Powered By Blogger

2 Mayıs 2012 Çarşamba

çocuk olmak

selam gençler,


film izlemek çok güzeldir, ben severim. her şeyin aşırısı zarar demişler ya, film izleme olayının da aşırısı zarar galiba. filmlerin sonlarını aşağı yukarı tahmin eder oldum. aynı haltı ister istemez hayatıma da uyguluyorum, açıkçası -önceden olacakları biliyorum- diyebilirim. genelde de yanılmıyorum.


çok garip yerlerde bulundum sayılır. öyle pek sıcak kanlı insan olmasam da, belirli bir seviyedeki davetkar topluluğa da hayır demem. insanlara çok bayılmam ama şans vermemezlik yapmam. bunun asıl sebebi; aslında bizzat kendimdir. zor bir adamım, ağzım pis laf yapar, istediğim bir şey varsa genelde alırım. alamazsam da beklerim, sabırlıyımdır falan filan. millete dert olmak istemem, kendi kendimi de oyalayabildiğimden; taşları yerinden oynatmaya gerek yok diye düşünürüm. taşlar oynamak isterse e, sonuçta taşlar tek başına yerinden oynamaz, illa duramamış; bi' dürtmüşsümdür ben onları. çok eski bir arkadaşım vardı(r), adı ahu. bana hep samimiyetsiz der. mesafeli durduğum için böyle diyormuş. ben de her defasında tebessüm ederim ama hiç neden böyle davrandığımı kendisine açıklamadım. kısmet bu güne imiş, anlatıyorum. biz 10 kişilik bir arkadaş grubuyduk. (90lı yıllar) aynı yazlık sitede kalır, günlerimizi beraber geçirirdik. aramızda zaman zaman tartışmalar, beklenmeyen durumlardan mütevellit bazı bölünmeler de olurdu. çocuktuk, gerçi insan her yaşta çocuk olabilir hatta olmalı da. daha mühimi -nerede çocuk olunmayacağını- bilmek bence. 
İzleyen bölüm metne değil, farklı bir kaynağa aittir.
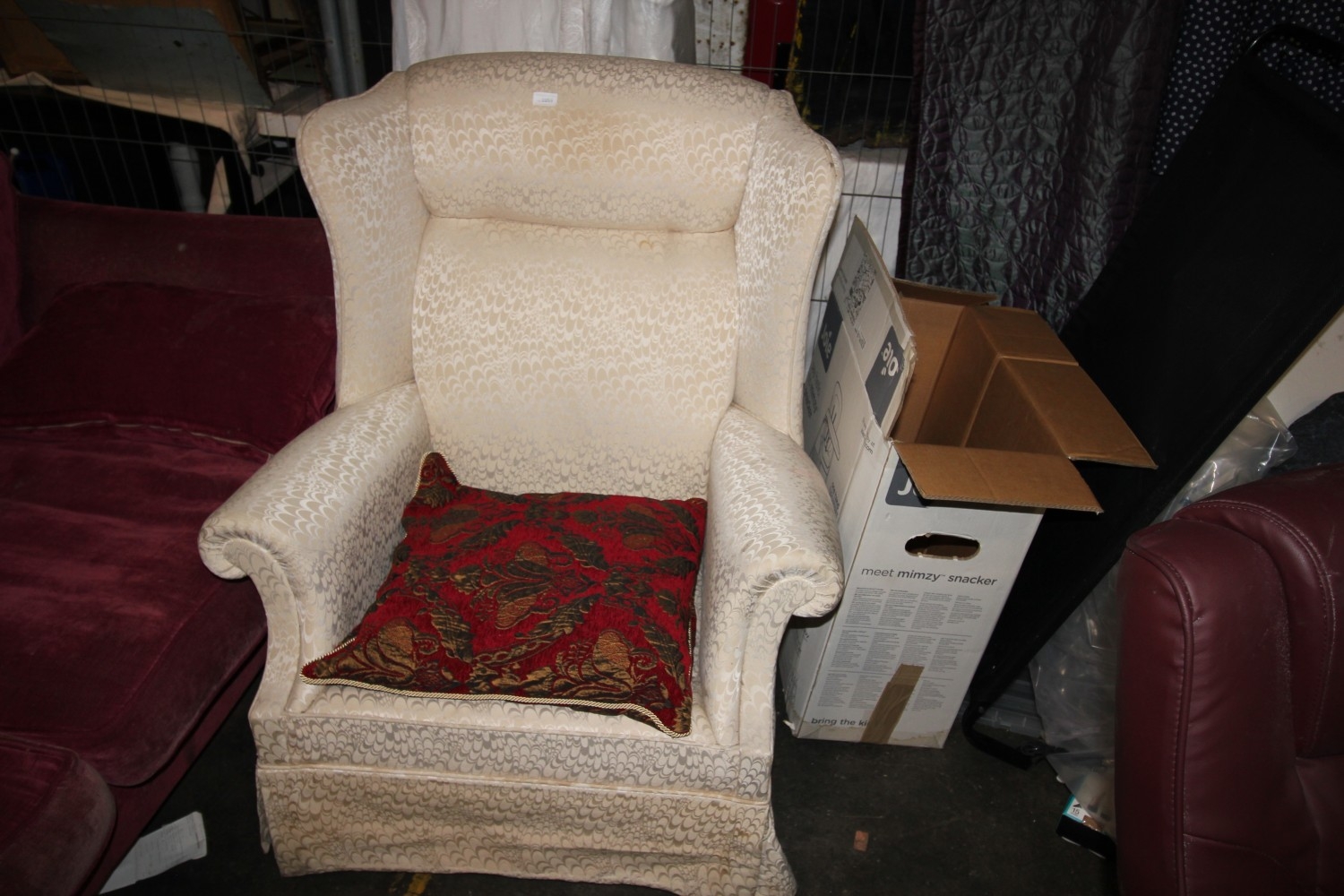Lot 1059: Cream peacock tail patterned wingback armchair

konuya dönelim, tartışmalar kimi zaman benimle ilgili, bazen rahmetli evren'le, bazen dinç, burak veya mert ile ilgili olurdu. kerem'i de unutmamak lazımdı. ikili oynardı. ben, konuyu uzatmaktan yana olmazdım, birbirimizle dalga geçerdik belki ama o orada kalırdı. bazılarımız, diğerlerine daha az cevap verebilirdi.ama onlar da diğerlerinden daha iyi başka bir aksiyon yaparlardı. ahu ise tartışmayı uzatabildiği kadar uzatır, yanına toplayabildiği kadar da mürit toplardı. hele ki azıcık haklıysa, hemen küser bildiği -ne var, ne yok- varsa ortaya dökerdi. onun erkek versiyonu da dinç'ti. bu arada asla mürit olmadım. ve bir gün geldi; o koyduğum mesafeyi asla aşamadım. sonra samimiyetsiz adını aldım.

çok geceler yalnız kaldım. hiç tanımadığım bir düzine insanla aynı odayı da paylaştım. arada bakardım; tedirgin uyuyanları görürdüm. hostellerde kalanlar bilir, açılması kolay kasalara özel eşyalarınızı vs koyarsınız ve kilitlersiniz. o kasaları hiç kilitlemedim, pek de bir bokum yoktu zaten. biri bir şey alacaksa, kasmaya gerek yok; onu o dandik kasadan her halükarda alır, diye düşünürdüm. 


düşüncemin yanına da emanettim..


eyvallah.


Serhan.


not: hayatta bir bok öğrendiysem, o da; nerede ve ne zaman gideceğimi bilmemdir.